Transcribe all of the data exactly. Omit the pictures.

▶ [INPUT DATA]:

--*--

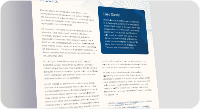 Profitability As margins shrink, insurance can help protect profits in 2025. Product pricing in cannabis has been erratic, often Case Study leaving businesses struggling to stay solvent. Mergers One HUB cannabis client was in the midst and acquisitions have become the main vehicle for strong of a challenging purchase that looked like businesses to expand into new regions and weaker it might fall through at the last minute due organizations to exit the market. to unresolved risk. With HUB’s assistance, An increase in marijuana licenses has resulted in market problematic issues were identified and 1 and while overall cannabis sales have saturation, addressed. An expert was called in to 2 increased, competition has driven down individual perform a flood analysis, and creative organizations’ revenues: Prices dropped roughly 10% in solutions were designed to protect the 3 2023 and are only beginning to stabilize. And even the buyer from unnecessary exposures. more mature markets were not immune, with sales falling The deal was finalized soon after. off dramatically in Colorado, as legalization in neighboring Arizona and New Mexico siphoned customers away from the Centennial State. According to the HUB International 2025 Outlook resiliency efforts will be poised for success through the 4 implementation of a robust business continuity plan that Executive Survey, nearly three-quarters of cannabis industry respondents say their organizations do not have can pressure test these potential loss scenarios. adequate insurance to protect against risks that will harm As many operations will struggle, others will see profits. Companies are often left with a choice between opportunity in the form of M&A. Buyers acquiring unaffordable rates and no protection. distressed companies will need to proceed with caution to A tight market for commercial auto insurance means avoid taking on unnecessary liability. An insurance advisor premiums for transportation have tripled. Rising costs with cannabis industry expertise can help educate both and low capacity have made it challenging for cannabis the buyer and the seller on best practices, making sure businesses to secure appropriate coverage. However, businesses secure proper runoff or D&O policies to protect there is hope on the horizon with alternative risk transfer the bottom line. options, including captives and parametric insurance. In addition, there is optimism around the possibility of new 1. MJBiz Daily, “Approved and pending marijuana licenses rise in US entrants and capacity in the insurance market as a result for first time in 2 years,” August 19, 2024. of the SAFE Banking Act. 2. Cannabis Business Times, “Whitney Economics Forecasts US Regulated Cannabis Sales to Top $31.4 Billion in 2024,” March Companies must make improved risk management 20, 2024. a cornerstone of profitability, as many companies 3. PR Newswire, “Leaflink’s 2024 Wholesale Cannabis Pricing Guide Now Available,” April 2, 2024. are one event — a weather disaster, supply chain 4. HUB’s Outlook Executive Survey polled 900 C-Suite and VP-level breakdown or cybercrime — away from bankruptcy. executives on the issues facing them on profitability, employee Cannabis organizations who focus on organizational vitality and organizational resilience. 3
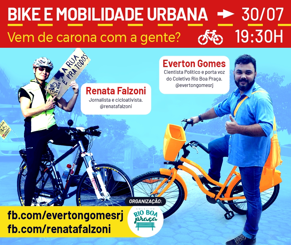 Convidada pelo cientista político Everton Gomes, porta- voz do Rio Boa Praça e vice-presidente da Fundação Leonel Brizola, Renata Falzoni, cicloativista e jornalista de São Paulo, falará sobre Mobilidade Urbana. A transmissão será às 19h30 pelo Facebook.
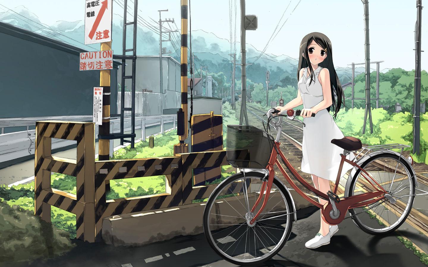 一张日本少女动漫壁纸铁道口的单车淑女

--*--

▶ [ANSWER BELOW]:
 Profitability As margins shrink, insurance can help protect profits in 2025. Product pricing in cannabis has been erratic, often Case Study leaving businesses struggling to stay solvent. Mergers One HUB cannabis client was in the midst and acquisitions have become the main vehicle for strong of a challenging purchase that looked like businesses to expand into new regions and weaker it might fall through at the last minute due organizations to exit the market. to unresolved risk. With HUB’s assistance, An increase in marijuana licenses has resulted in market problematic issues were identified and 1 and while overall cannabis sales have saturation, addressed. An expert was called in to 2 increased, competition has driven down individual perform a flood analysis, and creative organizations’ revenues: Prices dropped roughly 10% in solutions were designed to protect the 3 2023 and are only beginning to stabilize. And even the buyer from unnecessary exposures. more mature markets were not immune, with sales falling The deal was finalized soon after. off dramatically in Colorado, as legalization in neighboring Arizona and New Mexico siphoned customers away from the Centennial State. According to the HUB International 2025 Outlook resiliency efforts will be poised for success through the 4 implementation of a robust business continuity plan that Executive Survey, nearly three-quarters of cannabis industry respondents say their organizations do not have can pressure test these potential loss scenarios. adequate insurance to protect against risks that will harm As many operations will struggle, others will see profits. Companies are often left with a choice between opportunity in the form of M&A. Buyers acquiring unaffordable rates and no protection. distressed companies will need to proceed with caution to A tight market for commercial auto insurance means avoid taking on unnecessary liability. An insurance advisor premiums for transportation have tripled. Rising costs with cannabis industry expertise can help educate both and low capacity have made it challenging for cannabis the buyer and the seller on best practices, making sure businesses to secure appropriate coverage. However, businesses secure proper runoff or D&O policies to protect there is hope on the horizon with alternative risk transfer the bottom line. options, including captives and parametric insurance. In addition, there is optimism around the possibility of new 1. MJBiz Daily, “Approved and pending marijuana licenses rise in US entrants and capacity in the insurance market as a result for first time in 2 years,” August 19, 2024. of the SAFE Banking Act. 2. Cannabis Business Times, “Whitney Economics Forecasts US Regulated Cannabis Sales to Top $31.4 Billion in 2024,” March Companies must make improved risk management 20, 2024. a cornerstone of profitability, as many companies 3. PR Newswire, “Leaflink’s 2024 Wholesale Cannabis Pricing Guide Now Available,” April 2, 2024. are one event — a weather disaster, supply chain 4. HUB’s Outlook Executive Survey polled 900 C-Suite and VP-level breakdown or cybercrime — away from bankruptcy. executives on the issues facing them on profitability, employee Cannabis organizations who focus on organizational vitality and organizational resilience. 3
 Convidada pelo cientista político Everton Gomes, porta- voz do Rio Boa Praça e vice-presidente da Fundação Leonel Brizola, Renata Falzoni, cicloativista e jornalista de São Paulo, falará sobre Mobilidade Urbana. A transmissão será às 19h30 pelo Facebook.
 一张日本少女动漫壁纸铁道口的单车淑女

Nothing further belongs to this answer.